As there are often multiple processor units running in a printer (main board, display board and often a separated computer to supply data the the printer), the possibility of external safety control could be handled with reasonnable hardware extra-cost.
In Google Deltabot forum, a user mentioned that he was handling safety separately from main board in the Raspberry Pi used for controlling the machine. Unfortunately, he didn’t share the used code.

Watchdog

A watchdog is an hardware device which check that a software process is still running, and shutdown or seset equipment if it is not. Physically, it is often an output which is driven high and low at regular intervals while the software process is running. if the output stay for some time, watchdog is triggered. If this does work well for single thread process, this is more complex to handle with multi-thread process as existing on 3D printer. See this page and this one

Redundancy

Safety in equipment controlled by software is often handled by doubling the control equipment. Aside the extra-cost, it implies that you have more equipment and so, more risk of failures. This is a basic rule that increasing safety decrease availability.
This is unavoidable and in industry when high availability is required, control sensors are tripled or quadrupled, allowing to discard failing equipment while continue running. This solution seems unreasonnable for a 3D printer.

A note about the regulation.

Regulation varies depending countries, but one of the most known and precise regulation is the CE certification.
CE certification is for most equipment, a self-carried certification and its responsibility relies entirely in manufacturer hands. ALL assembled equipment sold within EEC shall be CE certified, which means that it shall comply with ALL CE directives applicable. In term of safety, CE certification oblige the manufacturer to do a safety analysis according a standardized method. The analysis including design information is not public and may only came under light in case of trial.
One of the big holes in this certification is that for user assembled equipment (kits), manufacturers feels they do not need to certify their equipment. I have not found any reference that this assumption was legally challenged, but I think it could be.

While they could refer to standards, regulations are not codes nor standards, so depending subjects, the law often try to not impose technological solutions, but design and analysis methods.
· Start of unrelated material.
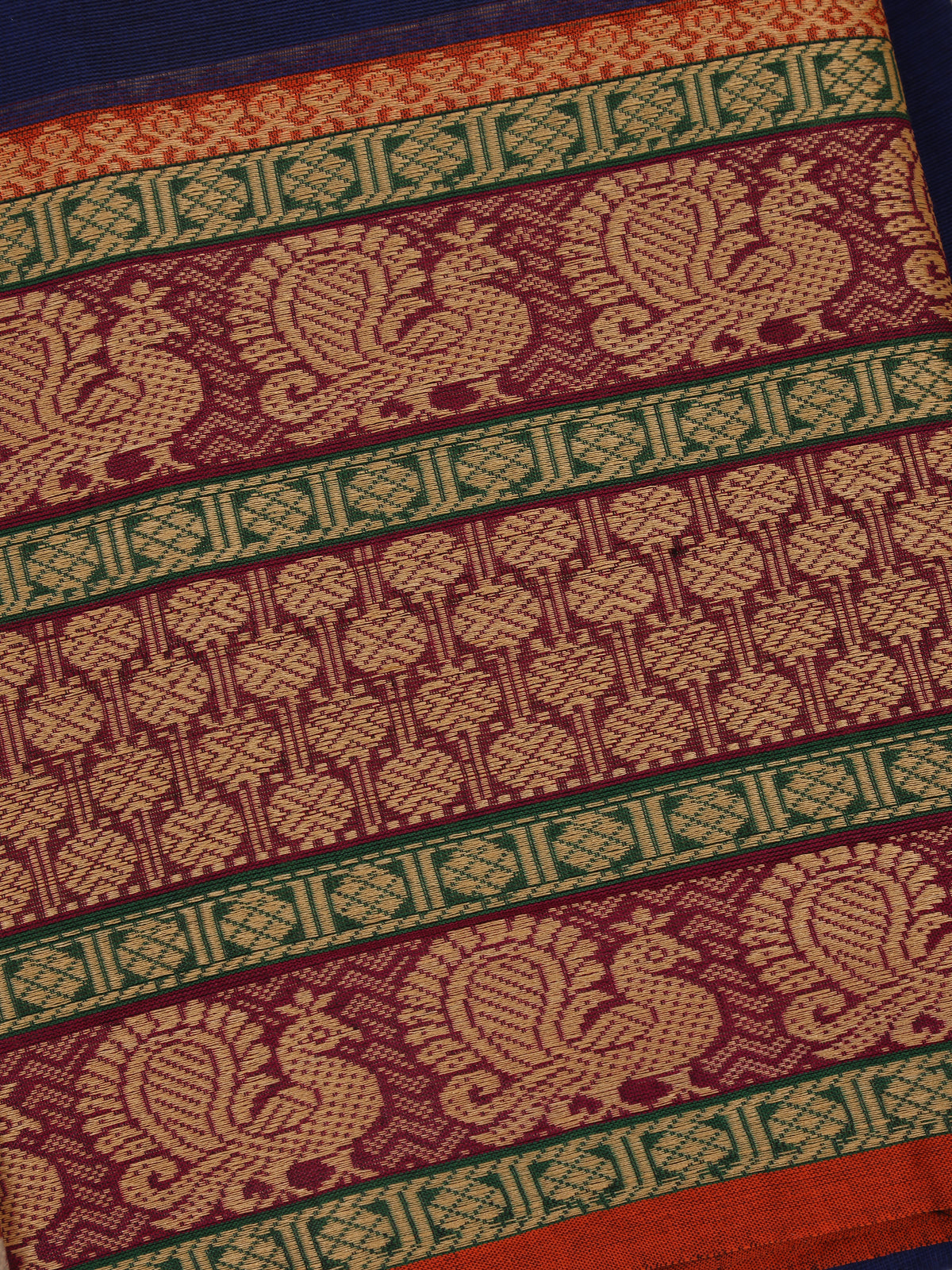 Graceful and timeless, this saree blends traditional artistry with everyday elegance. The saree comes in a deep navy blue base, offering a refined and classic look. The highlight is the rich maroon zari woven border, featuring intricate peacock motifs, symbolizing beauty and celebration. Complimenting this are green geometric zari panels, adding a tasteful and balanced touch of color.

As expert opinions often varies, manufacturer responsibilities will be mostly researched on the fact they have properly carried (or not) the required safety analysis than on technical details.
One of the rule is that if a component of an ensemble is not CE certified, it is to the assembler to make certification of this component, which may be challenging as the assembler generally did not have design specifications for said component, being it hardware or software. So in industry, most available sub-components are CE certified to simplify the assembler certification process.
Unfortunately, apart some specific equipment, EEC decided to not control the validity of CE certification. Without any survey, the CE stamp is way too often a joke, not only for asia sourced equipment.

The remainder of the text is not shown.